- Opening Delimiter -

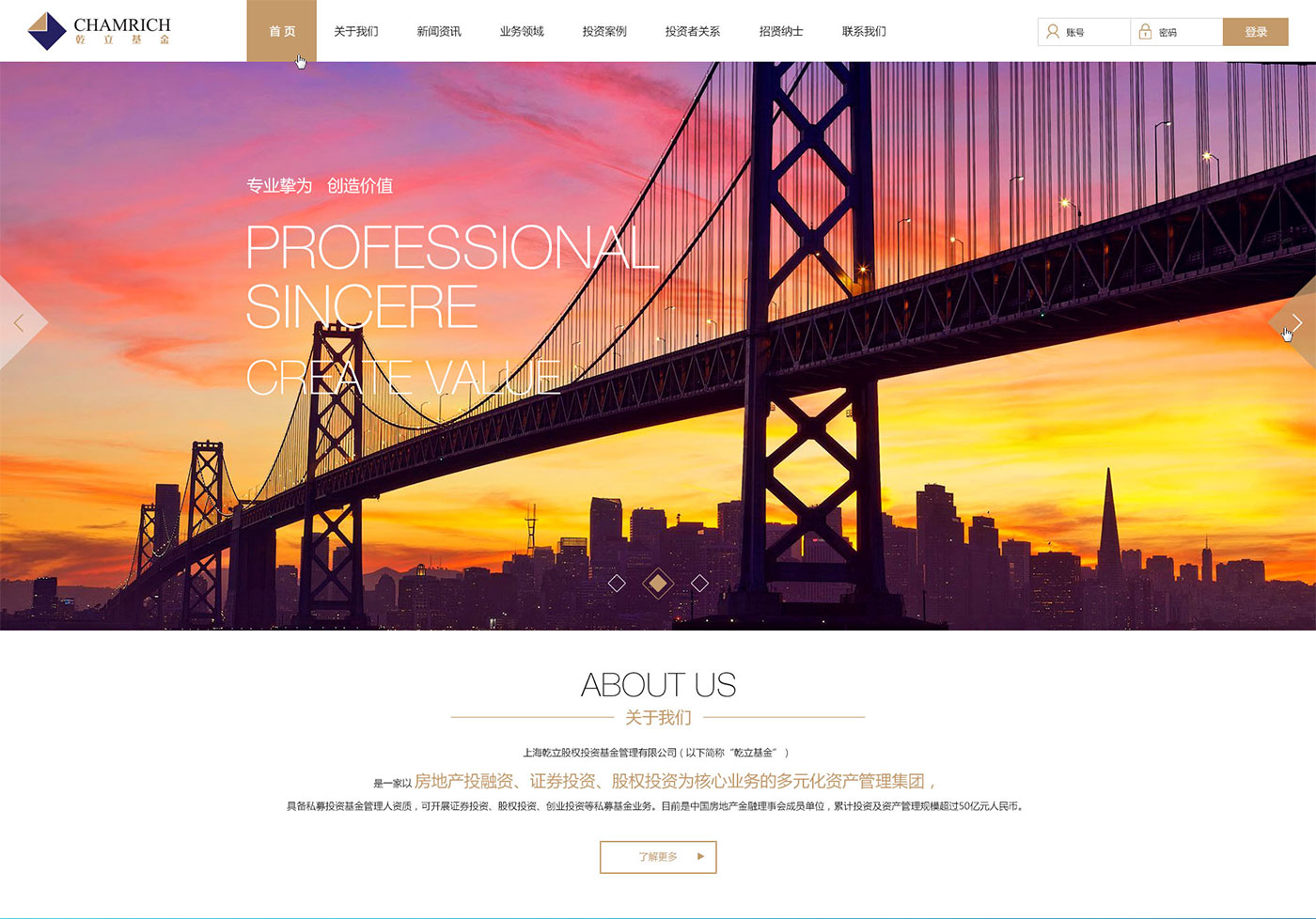 乾立基金作為具有雄厚實力的專業資產管理集團,其專業的投資管理建議,高品質的金融產品和服務受到業界人士的青睞。此次助騰為其提供全新的網站設計升級服務,以樹立新品牌戰略需求和品牌形象傳播,高清大圖的呈現彰顯乾立基金實力雄厚,嚴謹的細節設計寓意乾立基金注重細節,勇于開拓勇于創新的精神。
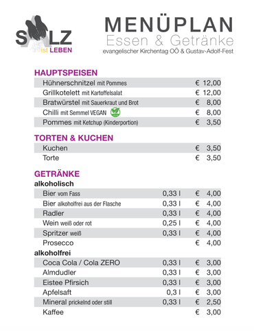 Anbei findet ihr den Übersichtsflyer, die Menükarte und das aktuelle Programm.
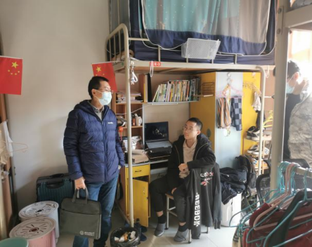 机关干部辅导员值守北校区投入防控工作,深入员工宿舍走访
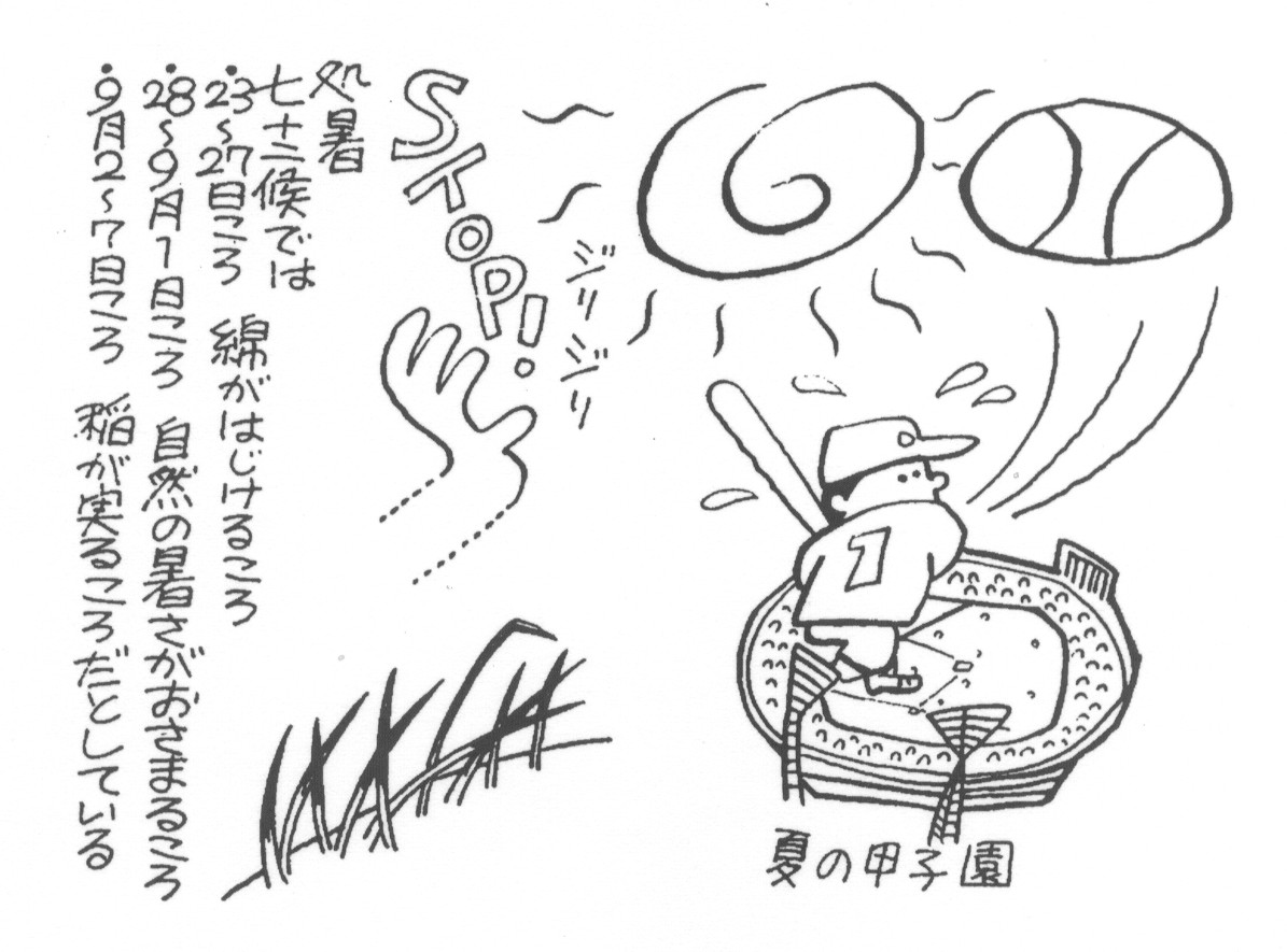 カレンダーの8月8日ころに立秋と書かれています。暦の上では、この日から秋に入ったということになり、いままで出していた暑中見舞いのはがきは「残暑見舞い」にかわります。しかし秋とは名ばかりで実際には1年中の最高気温があらわれる暑い日がつづきます。
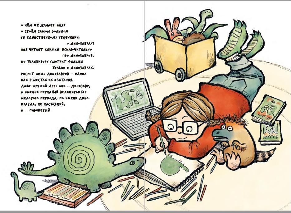 она настоящая девочка Юрского периода! Она рисует только динозавров, а ещё собирает коллекцию фигурок. Даже на школьный праздник Аня пришла в костюме тираннозавра! Интересно, что случится, если произнести волшебное слово, и динозавры вдруг оживут? Эта книга не только о любви к палеонтологии, но и о том, как ребёнку справиться со своими страхами в самых разных повседневных ситуациях: в школе, в кабинете зубного врача и даже в бассейне!
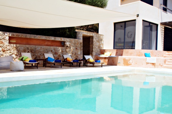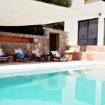 Some step down, is the private swimming pool with overflow (9m x 4m), summer shower and a big terrace to sunbathe. An area with deckchairs, surrounded by vegetation and protected by a stretched canvas, offers a nice view to the little harbor.
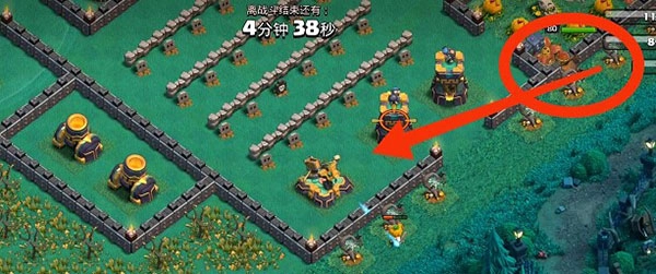 1、右侧红圈区域内有2个女武神,女武神会自动破坏墙体,破墙之后会前往攻击圣水罐。
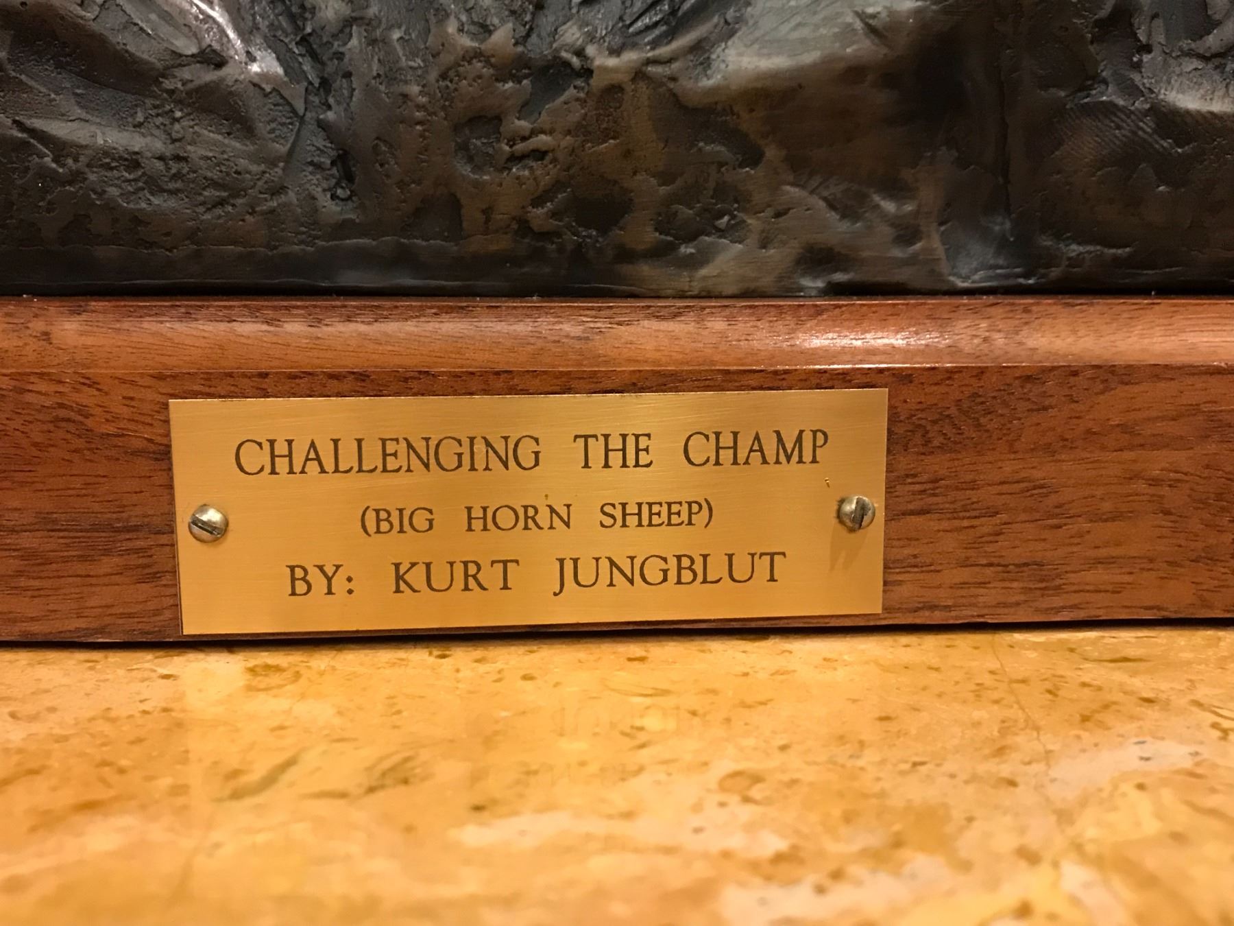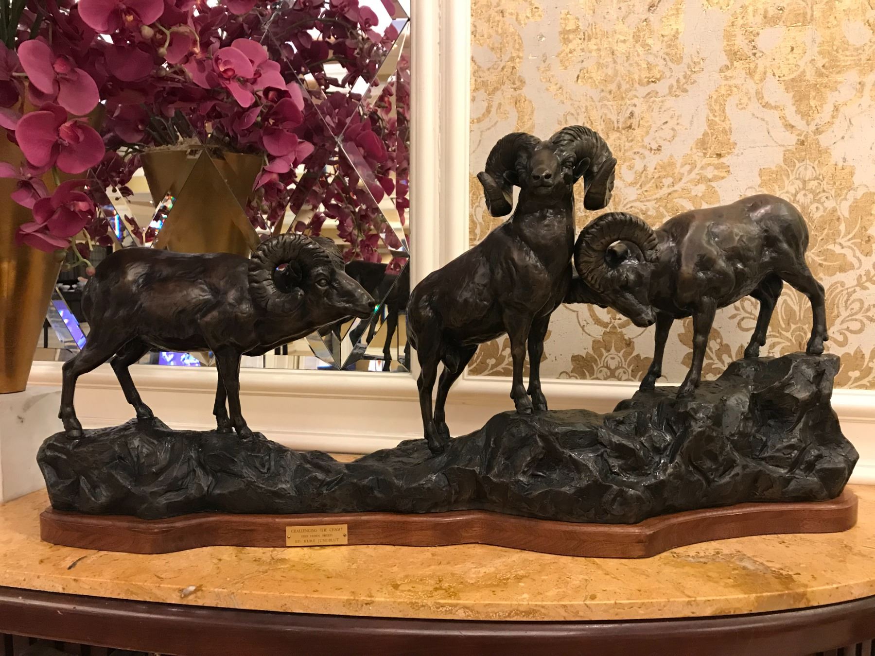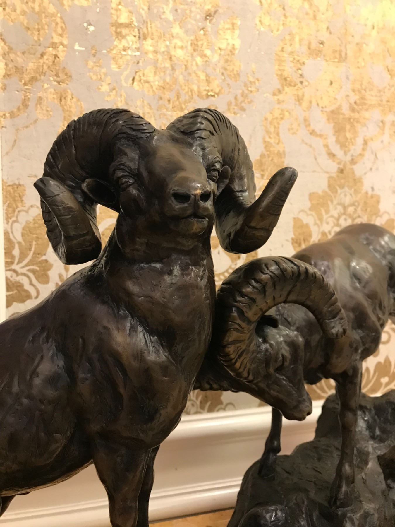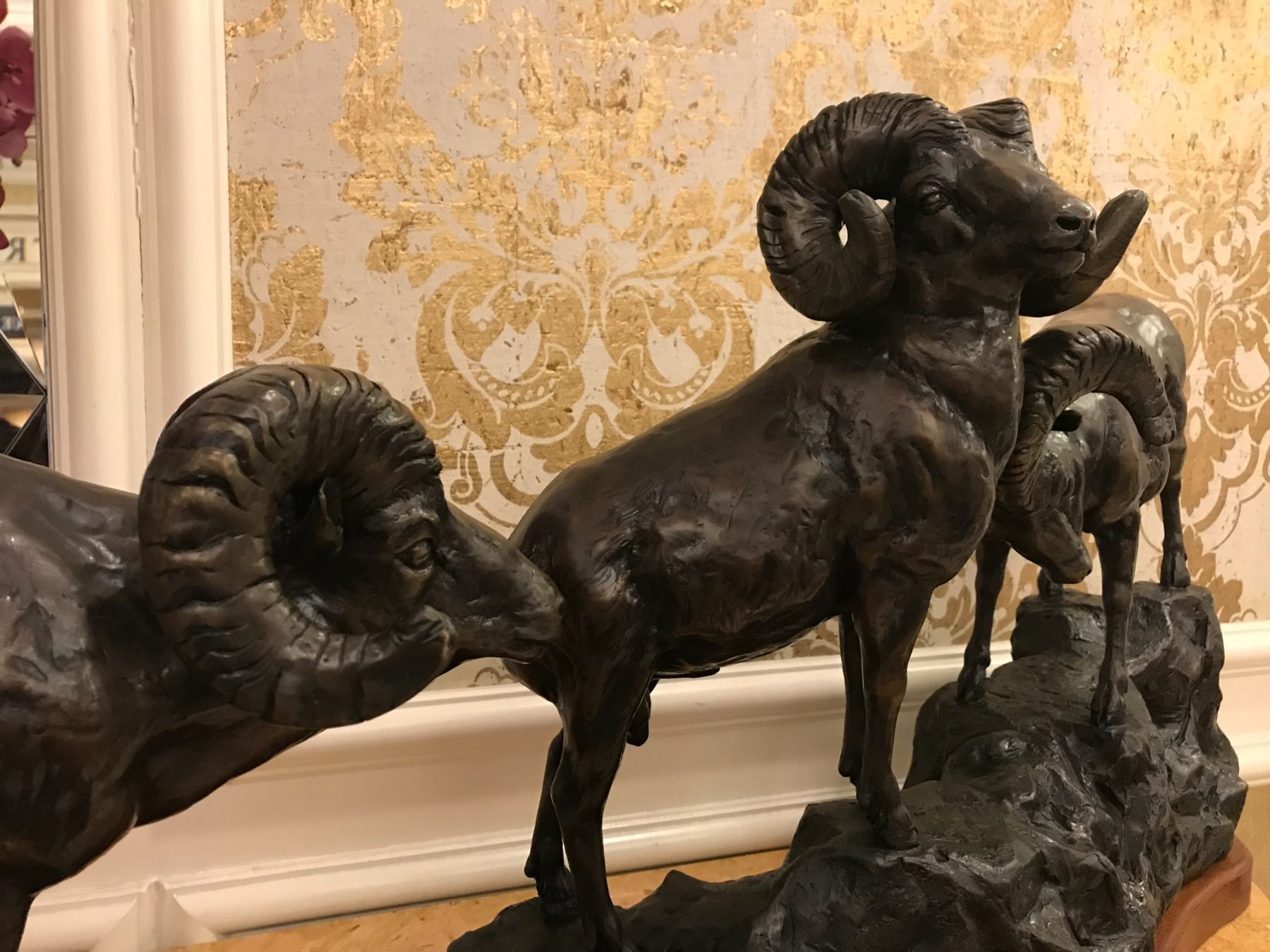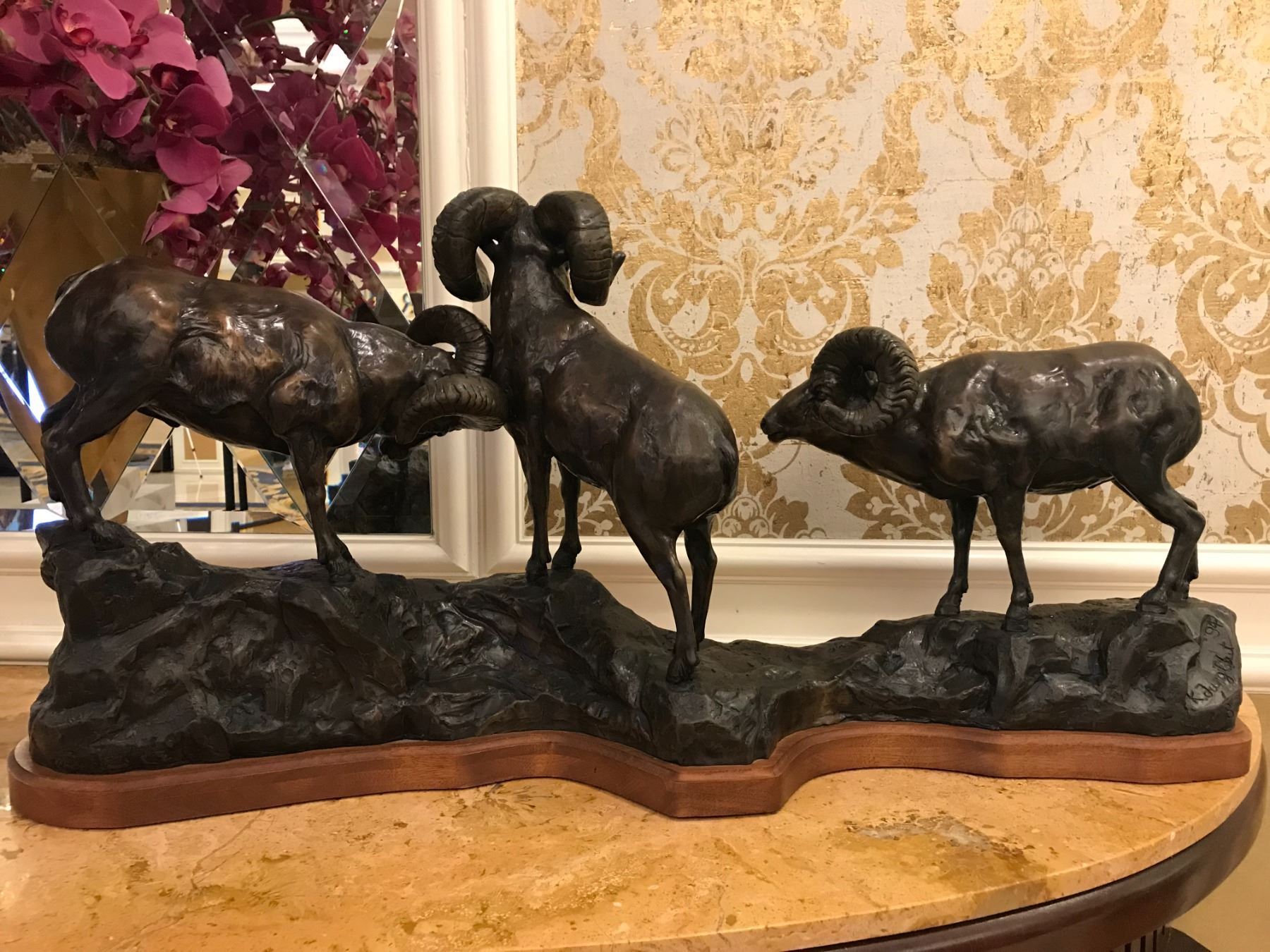 •This bronze depicts three bighorn sheep in a battle for supremacy.

- Closing Delimiter -

- **Exercise aim**: Here the records must be restated exactly, minus any images.

- **Written answer**:
 乾立基金作為具有雄厚實力的專業資產管理集團,其專業的投資管理建議,高品質的金融產品和服務受到業界人士的青睞。此次助騰為其提供全新的網站設計升級服務,以樹立新品牌戰略需求和品牌形象傳播,高清大圖的呈現彰顯乾立基金實力雄厚,嚴謹的細節設計寓意乾立基金注重細節,勇于開拓勇于創新的精神。
 Anbei findet ihr den Übersichtsflyer, die Menükarte und das aktuelle Programm.
 机关干部辅导员值守北校区投入防控工作,深入员工宿舍走访
 カレンダーの8月8日ころに立秋と書かれています。暦の上では、この日から秋に入ったということになり、いままで出していた暑中見舞いのはがきは「残暑見舞い」にかわります。しかし秋とは名ばかりで実際には1年中の最高気温があらわれる暑い日がつづきます。
 она настоящая девочка Юрского периода! Она рисует только динозавров, а ещё собирает коллекцию фигурок. Даже на школьный праздник Аня пришла в костюме тираннозавра! Интересно, что случится, если произнести волшебное слово, и динозавры вдруг оживут? Эта книга не только о любви к палеонтологии, но и о том, как ребёнку справиться со своими страхами в самых разных повседневных ситуациях: в школе, в кабинете зубного врача и даже в бассейне!
 Some step down, is the private swimming pool with overflow (9m x 4m), summer shower and a big terrace to sunbathe. An area with deckchairs, surrounded by vegetation and protected by a stretched canvas, offers a nice view to the little harbor.
 1、右侧红圈区域内有2个女武神,女武神会自动破坏墙体,破墙之后会前往攻击圣水罐。
 •This bronze depicts three bighorn sheep in a battle for supremacy.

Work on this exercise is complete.